Data extracted from a collection
****

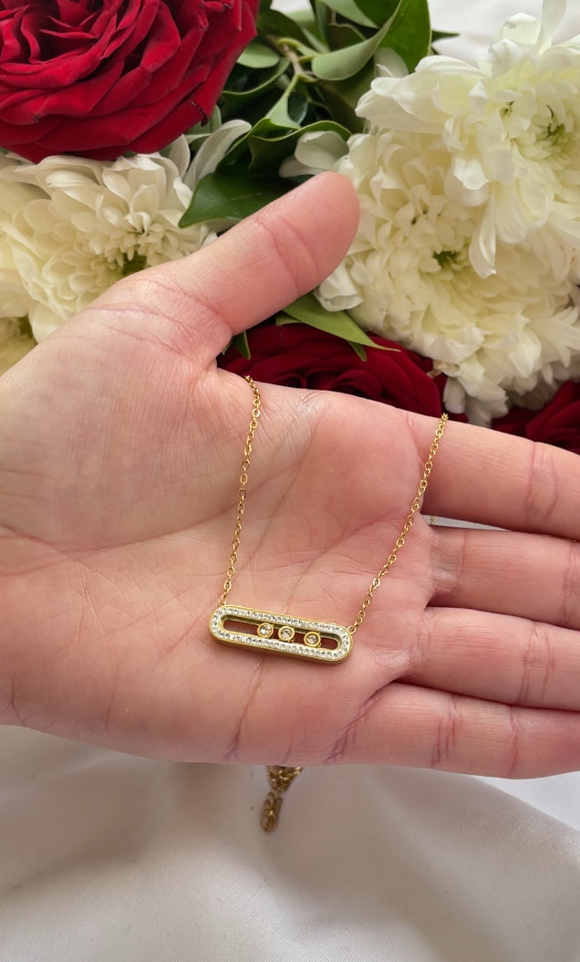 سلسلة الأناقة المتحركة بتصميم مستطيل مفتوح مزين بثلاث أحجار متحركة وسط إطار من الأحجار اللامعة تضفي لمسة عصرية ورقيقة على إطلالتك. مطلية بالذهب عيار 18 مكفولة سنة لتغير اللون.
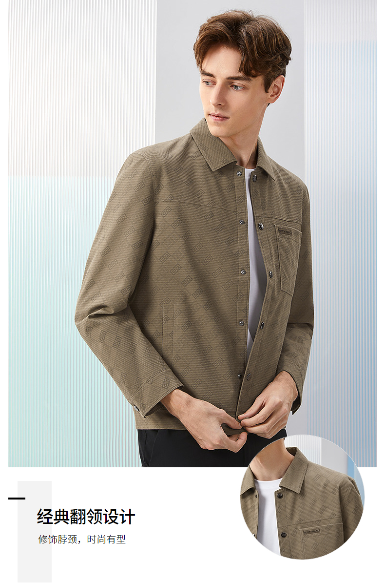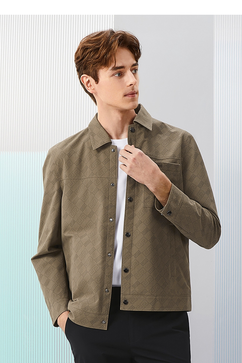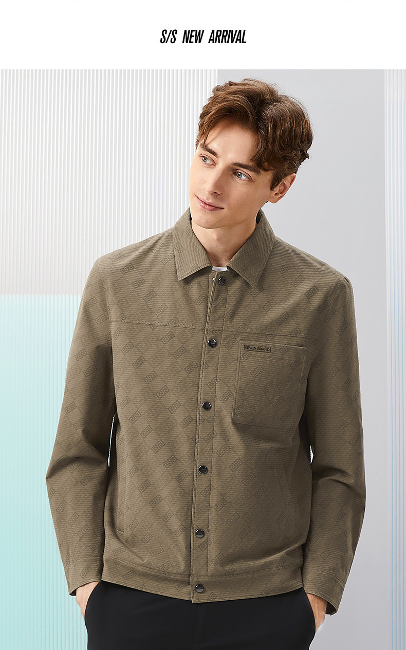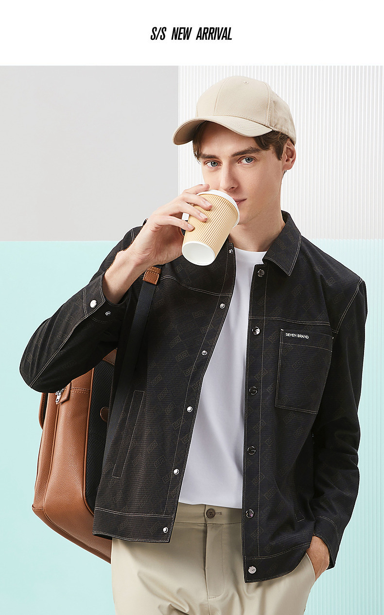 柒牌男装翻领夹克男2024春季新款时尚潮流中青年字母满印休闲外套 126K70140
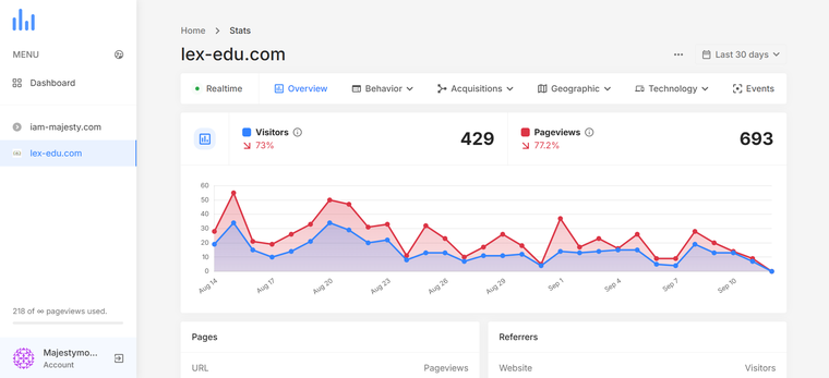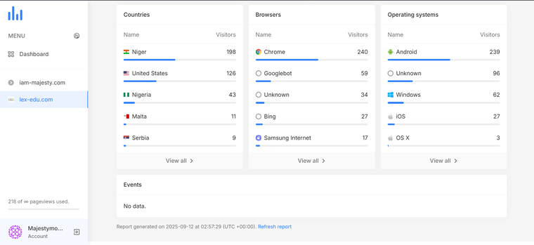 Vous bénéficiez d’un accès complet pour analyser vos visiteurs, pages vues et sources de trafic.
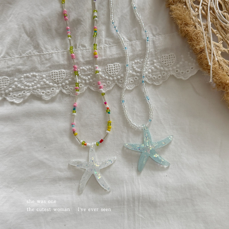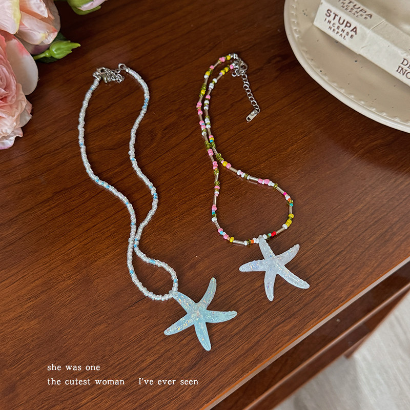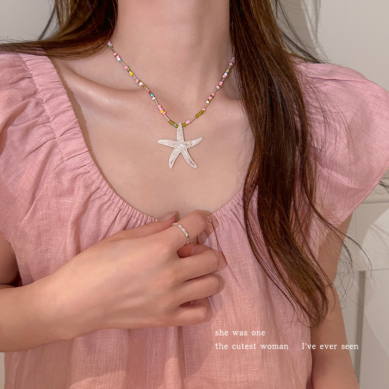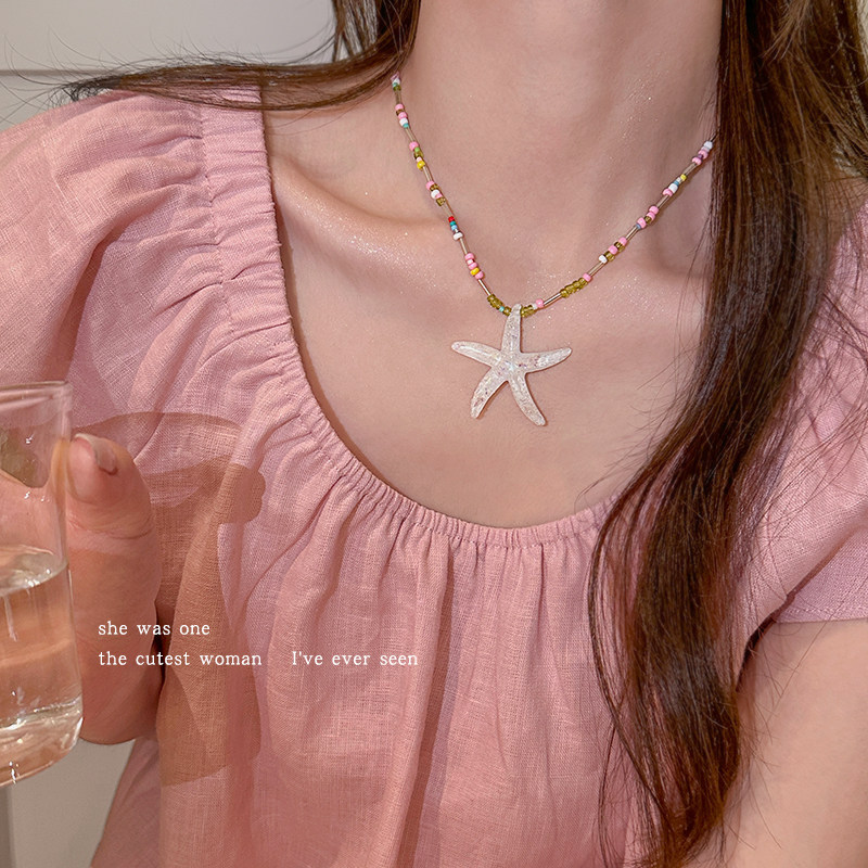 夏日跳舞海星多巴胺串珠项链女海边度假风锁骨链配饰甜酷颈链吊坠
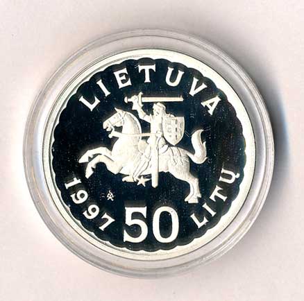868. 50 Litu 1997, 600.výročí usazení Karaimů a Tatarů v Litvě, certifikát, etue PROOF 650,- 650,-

****

What you will do
Each line from the start of the entries to the line holding "夏日跳舞海星多巴胺串珠项链女海边度假风锁骨链配饰甜酷颈链吊坠" is to be given again exactly, both ends included, and each picture is to be left out.

Response
 سلسلة الأناقة المتحركة بتصميم مستطيل مفتوح مزين بثلاث أحجار متحركة وسط إطار من الأحجار اللامعة تضفي لمسة عصرية ورقيقة على إطلالتك. مطلية بالذهب عيار 18 مكفولة سنة لتغير اللون.
 柒牌男装翻领夹克男2024春季新款时尚潮流中青年字母满印休闲外套 126K70140
 Vous bénéficiez d’un accès complet pour analyser vos visiteurs, pages vues et sources de trafic.
 夏日跳舞海星多巴胺串珠项链女海边度假风锁骨链配饰甜酷颈链吊坠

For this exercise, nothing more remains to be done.